PROBLEM TO SOLVE:
Write out the lines below exactly, beginning at the one with "激烈!ESPN:阿根廷世界杯名单已锁定20席,16人争夺最后6个名额" and stopping after the one with "Der Getränkehalter wird"; the pictures are not copied.
[Opening SOURCE INFORMATION section]
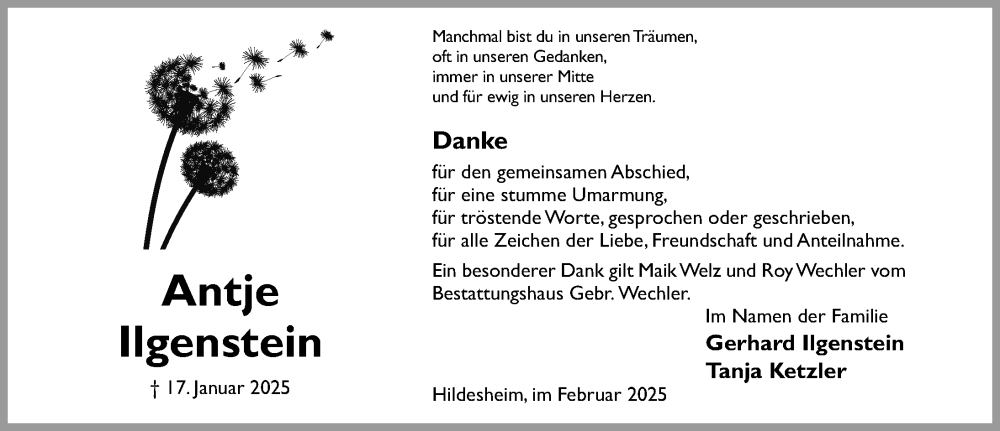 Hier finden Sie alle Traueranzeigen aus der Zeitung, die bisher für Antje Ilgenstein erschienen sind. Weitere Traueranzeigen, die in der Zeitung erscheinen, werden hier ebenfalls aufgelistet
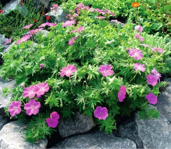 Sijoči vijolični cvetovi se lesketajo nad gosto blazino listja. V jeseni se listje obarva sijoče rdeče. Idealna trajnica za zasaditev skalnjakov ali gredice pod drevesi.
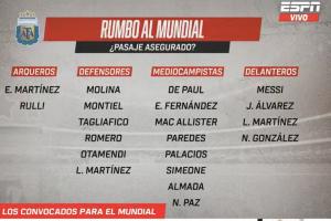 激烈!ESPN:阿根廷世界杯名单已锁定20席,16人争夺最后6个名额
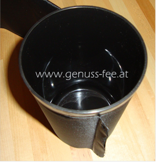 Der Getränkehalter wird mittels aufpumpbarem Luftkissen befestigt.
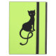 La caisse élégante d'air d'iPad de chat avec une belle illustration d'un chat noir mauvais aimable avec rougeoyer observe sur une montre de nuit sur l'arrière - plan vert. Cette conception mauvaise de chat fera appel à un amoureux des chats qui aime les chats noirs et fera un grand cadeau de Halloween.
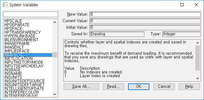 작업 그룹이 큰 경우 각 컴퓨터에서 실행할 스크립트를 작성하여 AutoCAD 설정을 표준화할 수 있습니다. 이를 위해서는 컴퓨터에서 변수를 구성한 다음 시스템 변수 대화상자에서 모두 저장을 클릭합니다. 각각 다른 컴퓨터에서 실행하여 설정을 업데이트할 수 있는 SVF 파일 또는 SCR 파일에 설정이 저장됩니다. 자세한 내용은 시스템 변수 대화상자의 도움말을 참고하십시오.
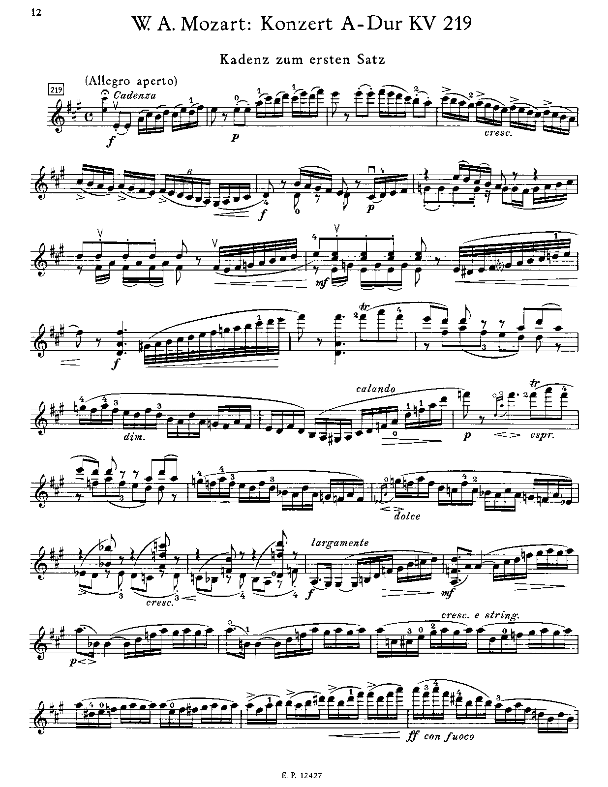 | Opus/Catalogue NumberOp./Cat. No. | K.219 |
[Closing SOURCE INFORMATION section]
[Opening SOURCE INFORMATION section]
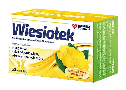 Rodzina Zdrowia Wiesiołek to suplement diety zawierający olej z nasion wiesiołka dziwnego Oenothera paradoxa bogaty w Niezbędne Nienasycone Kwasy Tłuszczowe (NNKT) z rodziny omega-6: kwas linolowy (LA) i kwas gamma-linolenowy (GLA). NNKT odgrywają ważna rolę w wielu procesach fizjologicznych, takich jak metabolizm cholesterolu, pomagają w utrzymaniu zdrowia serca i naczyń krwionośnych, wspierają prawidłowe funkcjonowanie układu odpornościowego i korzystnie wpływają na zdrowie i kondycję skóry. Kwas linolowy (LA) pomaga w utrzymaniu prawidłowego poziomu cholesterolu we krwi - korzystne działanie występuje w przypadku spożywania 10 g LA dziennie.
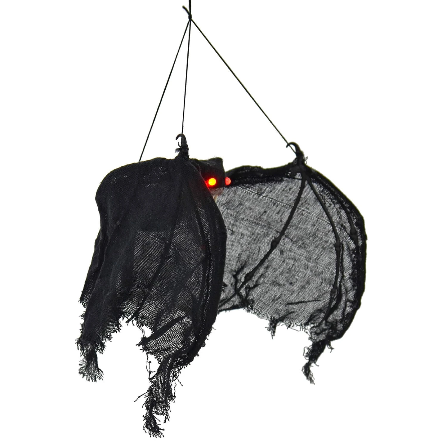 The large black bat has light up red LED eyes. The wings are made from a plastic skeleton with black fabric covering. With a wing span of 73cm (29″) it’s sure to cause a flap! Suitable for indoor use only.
[Closing SOURCE INFORMATION section]
[Opening SOURCE INFORMATION section]
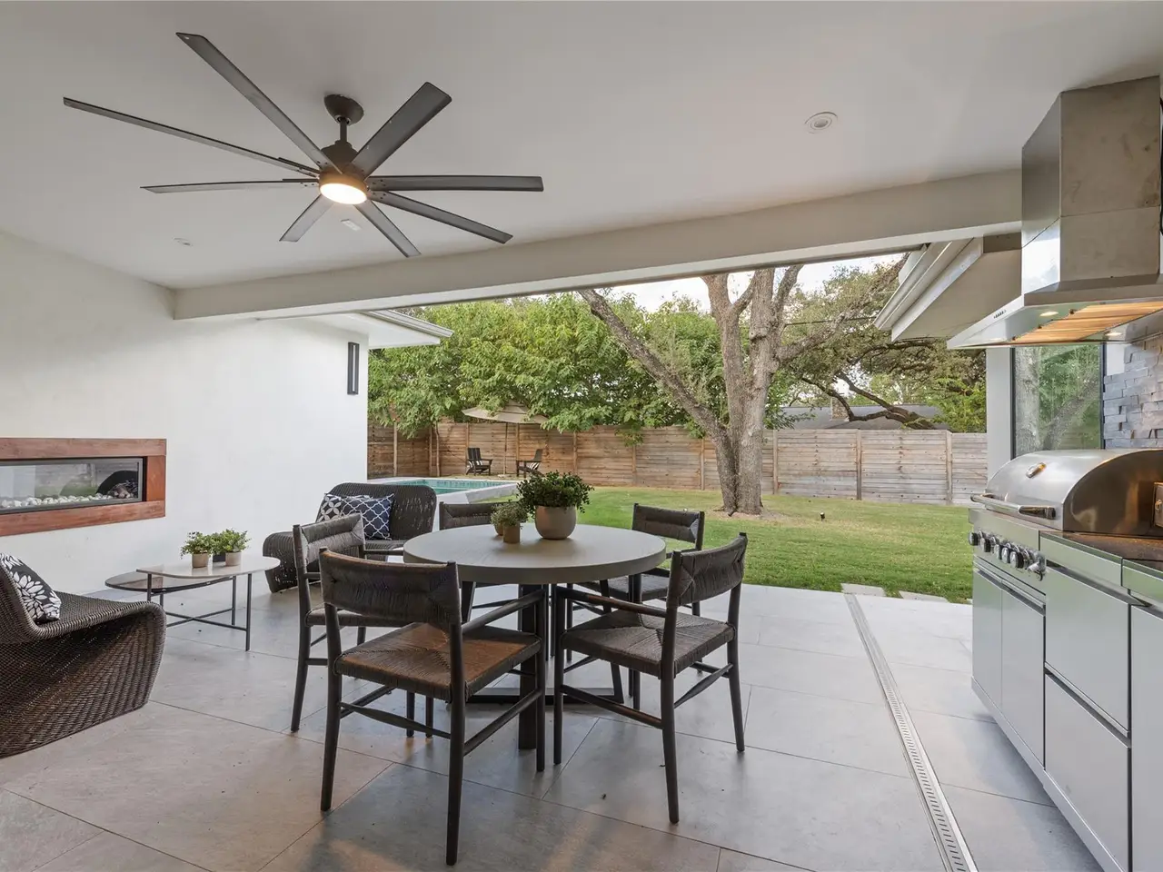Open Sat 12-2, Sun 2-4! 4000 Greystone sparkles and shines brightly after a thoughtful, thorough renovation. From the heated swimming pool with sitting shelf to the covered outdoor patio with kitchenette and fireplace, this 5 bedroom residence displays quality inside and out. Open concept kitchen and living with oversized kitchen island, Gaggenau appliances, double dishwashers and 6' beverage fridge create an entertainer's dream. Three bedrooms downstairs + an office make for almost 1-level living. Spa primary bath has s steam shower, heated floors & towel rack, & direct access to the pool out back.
[Closing SOURCE INFORMATION section]
TASK OUTPUT:
 激烈!ESPN:阿根廷世界杯名单已锁定20席,16人争夺最后6个名额
 Der Getränkehalter wird mittels aufpumpbarem Luftkissen befestigt.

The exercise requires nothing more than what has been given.